Exercise brief: Your answer should hold the data exactly as given, minus any picture.

____ Given records

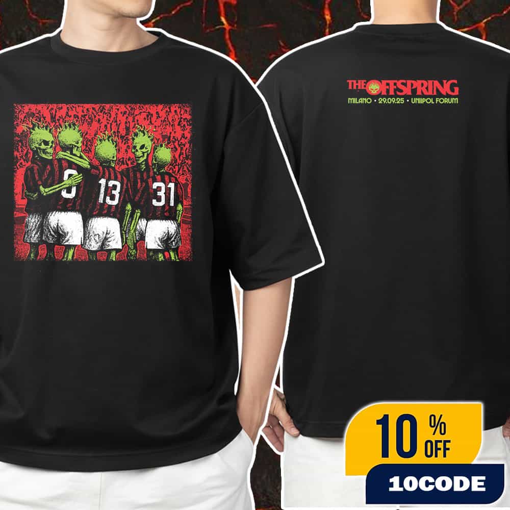 This The Offspring Supercharged Worldwide In ’25 Tour Poster Event September 29 2025 At Milano Unipol Forum unisex t-shirt commemorates the legendary American punk rock band’s triumphant performance on September 29, 2025, at 9:25 PM at the Unipol Forum (also known as Mediolanum Forum) in Assago, Milano, Italy, featuring special opening act Simple Plan as part of their global SUPERCHARGED Worldwide in ’25 tour supporting their eleventh studio album “SUPERCHARGED,” released October 11, 2024, via Concord Records. The exclusive artwork by C. Everhart features a stunning tribute design inspired by AC Milan’s legendary 1992-93 Scudetto-winning season, depicting five green skeleton figures wearing the iconic red-and-black “Rossoneri” jerseys with numbers 13, 13, and 31, celebrating Milan’s historic 13th Serie A championship achieved under manager Fabio Capello with an unprecedented 58-match unbeaten streak from 1991 to 1993, featuring football legends Marco van Basten, Jean-Pierre Papin, Ruud Gullit, Frank Rijkaard, Paolo Maldini, Franco Baresi, and Zvonimir Boban in what remains one of the greatest achievements in Italian football history. This limited edition merchandise celebrates The Offspring’s incredible 41-year career since their formation in Garden Grove, California in 1984 (originally as Manic Subsidal), led by founding members Bryan “Dexter” Holland (lead vocals, rhythm guitar) and Kevin “Noodles” Wasserman (lead guitar), alongside Todd Morse (bass), Jonah Nimoy (multi-instrumentalist), and Brandon Pertzborn (drums), who have sold over 45 million records worldwide making them one of the best-selling punk rock bands of all time. The concert t-shirt honors the band’s latest album “SUPERCHARGED,” produced and mixed by legendary producer Bob Rock, recorded across three locations in Maui, Vancouver, and Huntington Beach, featuring 10 tracks totaling 32 minutes of pure punk rock energy including singles “Looking Out For #1,” “Light It Up,” “Come to Brazil,” “Make It All Right,” and “Ok, But This Is The Last Time,” with critics praising it as an improvement over their 2021 album “Let the Bad Times Roll”. This unisex merchandise design perfectly blends Italian football heritage with Southern California punk rock culture, honoring both AC Milan’s unbeaten 1992-93 campaign (which included dramatic victories like the 5-4 away win at Pescara, 7-3 triumph at Fiorentina, and 5-3 home win against Lazio) and The Offspring’s legendary status as one of the bands that revived mainstream punk rock in the 1990s alongside Green Day, NOFX, Bad Religion, and Rancid. The t-shirt celebrates The Offspring’s iconic discography including their breakthrough album “Smash” (1994), which holds the world record for most sales of an album on an independent label with over 11 million copies sold, plus classic albums “Americana” (1998), “Conspiracy of One” (2000), and “Rise and Fall, Rage and Grace” (2008), featuring timeless hits like “Come Out and Play,” “Self Esteem,” “The Kids Aren’t Alright,” “Pretty Fly (For a White Guy),” “Original Prankster,” and “You’re Gonna Go Far, Kid”. This official tour merchandise makes the perfect collector’s item for fans who attended the Milan show or appreciate the unique artistic collaboration between punk rock legend Dexter Holland (who remarkably earned his Ph.D. in molecular biology from USC in 2017 while touring with The Offspring) and Italian football history, combining two cultural icons in one striking wearable art piece that captures the energy and passion of both rock music and calcio.
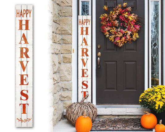 72in Outdoor Happy Harvest Rustic Craft Porch Sign for Front Door, 6ft Vertical Wooden Welcome Sign for Front Porch
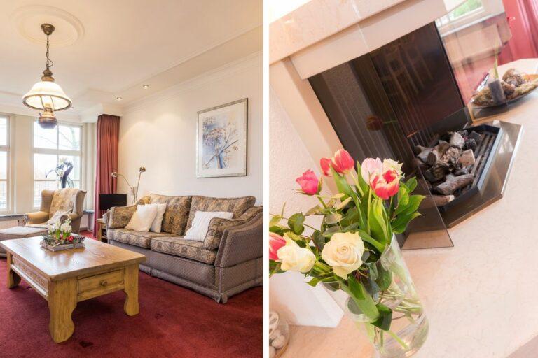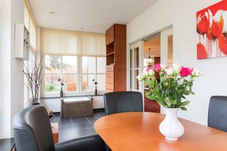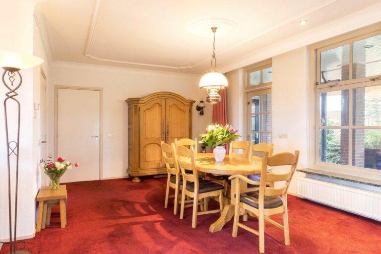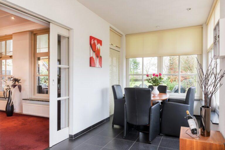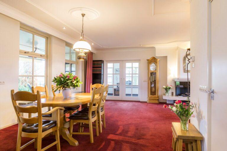 Vanuit de ruime L-vormige living en tuinkamer heb je een prachtig zicht op wat zich buiten afspeelt. ’s Winters zit je binnen goed bij de knisperende haard, maar in de zomer leef je hier buiten! De living is afgewerkt met stucwerk wanden en plafonds met fraai lijstwerk en inbouwverlichting, op de vloer vinden we vloerbedekking.
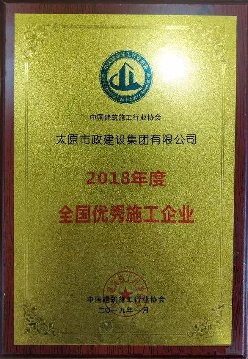 太原市政建設集團有限公司榮獲“2018年度全國優(yōu)秀施工企業(yè)”榮譽稱號
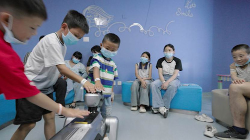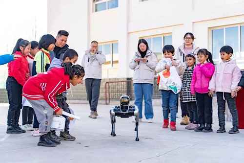 在北京嫣然天使儿童医院的活动区,十几位小朋友围着四足机器狗“小麦”,眼睛闪闪发亮。这些孩子大多来自大凉山等偏远地区,因唇腭裂来到北京接受免费医疗救助,对他们中的许多人来说,首次在生活中和真的机器人一起玩,还能和伙伴一起用积木拼出会动的“扫地机”,这次新奇的体验给他们内心种下了一粒科技的种子。
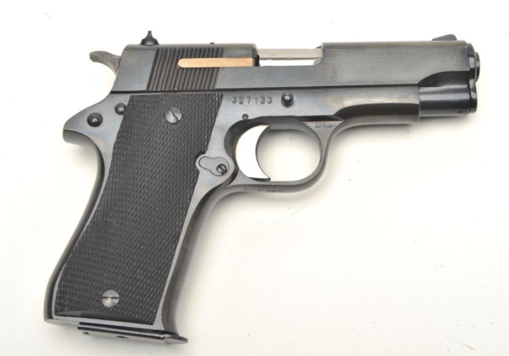 semi-automatic pistol, 9mm caliber, 4” barrel, S/N 327133, black finish, checkered black grips, one extra magazine, in overall near new condition; interior of deluxe hardwood casing has two color interior lining and descriptive custom plaques. Also accompanied by factory cardboard box and instructions. (Modern/PPT). Est.: $500-$1,000.

________

Response below:
 This The Offspring Supercharged Worldwide In ’25 Tour Poster Event September 29 2025 At Milano Unipol Forum unisex t-shirt commemorates the legendary American punk rock band’s triumphant performance on September 29, 2025, at 9:25 PM at the Unipol Forum (also known as Mediolanum Forum) in Assago, Milano, Italy, featuring special opening act Simple Plan as part of their global SUPERCHARGED Worldwide in ’25 tour supporting their eleventh studio album “SUPERCHARGED,” released October 11, 2024, via Concord Records. The exclusive artwork by C. Everhart features a stunning tribute design inspired by AC Milan’s legendary 1992-93 Scudetto-winning season, depicting five green skeleton figures wearing the iconic red-and-black “Rossoneri” jerseys with numbers 13, 13, and 31, celebrating Milan’s historic 13th Serie A championship achieved under manager Fabio Capello with an unprecedented 58-match unbeaten streak from 1991 to 1993, featuring football legends Marco van Basten, Jean-Pierre Papin, Ruud Gullit, Frank Rijkaard, Paolo Maldini, Franco Baresi, and Zvonimir Boban in what remains one of the greatest achievements in Italian football history. This limited edition merchandise celebrates The Offspring’s incredible 41-year career since their formation in Garden Grove, California in 1984 (originally as Manic Subsidal), led by founding members Bryan “Dexter” Holland (lead vocals, rhythm guitar) and Kevin “Noodles” Wasserman (lead guitar), alongside Todd Morse (bass), Jonah Nimoy (multi-instrumentalist), and Brandon Pertzborn (drums), who have sold over 45 million records worldwide making them one of the best-selling punk rock bands of all time. The concert t-shirt honors the band’s latest album “SUPERCHARGED,” produced and mixed by legendary producer Bob Rock, recorded across three locations in Maui, Vancouver, and Huntington Beach, featuring 10 tracks totaling 32 minutes of pure punk rock energy including singles “Looking Out For #1,” “Light It Up,” “Come to Brazil,” “Make It All Right,” and “Ok, But This Is The Last Time,” with critics praising it as an improvement over their 2021 album “Let the Bad Times Roll”. This unisex merchandise design perfectly blends Italian football heritage with Southern California punk rock culture, honoring both AC Milan’s unbeaten 1992-93 campaign (which included dramatic victories like the 5-4 away win at Pescara, 7-3 triumph at Fiorentina, and 5-3 home win against Lazio) and The Offspring’s legendary status as one of the bands that revived mainstream punk rock in the 1990s alongside Green Day, NOFX, Bad Religion, and Rancid. The t-shirt celebrates The Offspring’s iconic discography including their breakthrough album “Smash” (1994), which holds the world record for most sales of an album on an independent label with over 11 million copies sold, plus classic albums “Americana” (1998), “Conspiracy of One” (2000), and “Rise and Fall, Rage and Grace” (2008), featuring timeless hits like “Come Out and Play,” “Self Esteem,” “The Kids Aren’t Alright,” “Pretty Fly (For a White Guy),” “Original Prankster,” and “You’re Gonna Go Far, Kid”. This official tour merchandise makes the perfect collector’s item for fans who attended the Milan show or appreciate the unique artistic collaboration between punk rock legend Dexter Holland (who remarkably earned his Ph.D. in molecular biology from USC in 2017 while touring with The Offspring) and Italian football history, combining two cultural icons in one striking wearable art piece that captures the energy and passion of both rock music and calcio.
 72in Outdoor Happy Harvest Rustic Craft Porch Sign for Front Door, 6ft Vertical Wooden Welcome Sign for Front Porch
 Vanuit de ruime L-vormige living en tuinkamer heb je een prachtig zicht op wat zich buiten afspeelt. ’s Winters zit je binnen goed bij de knisperende haard, maar in de zomer leef je hier buiten! De living is afgewerkt met stucwerk wanden en plafonds met fraai lijstwerk en inbouwverlichting, op de vloer vinden we vloerbedekking.
 太原市政建設集團有限公司榮獲“2018年度全國優(yōu)秀施工企業(yè)”榮譽稱號
 在北京嫣然天使儿童医院的活动区,十几位小朋友围着四足机器狗“小麦”,眼睛闪闪发亮。这些孩子大多来自大凉山等偏远地区,因唇腭裂来到北京接受免费医疗救助,对他们中的许多人来说,首次在生活中和真的机器人一起玩,还能和伙伴一起用积木拼出会动的“扫地机”,这次新奇的体验给他们内心种下了一粒科技的种子。
 semi-automatic pistol, 9mm caliber, 4” barrel, S/N 327133, black finish, checkered black grips, one extra magazine, in overall near new condition; interior of deluxe hardwood casing has two color interior lining and descriptive custom plaques. Also accompanied by factory cardboard box and instructions. (Modern/PPT). Est.: $500-$1,000.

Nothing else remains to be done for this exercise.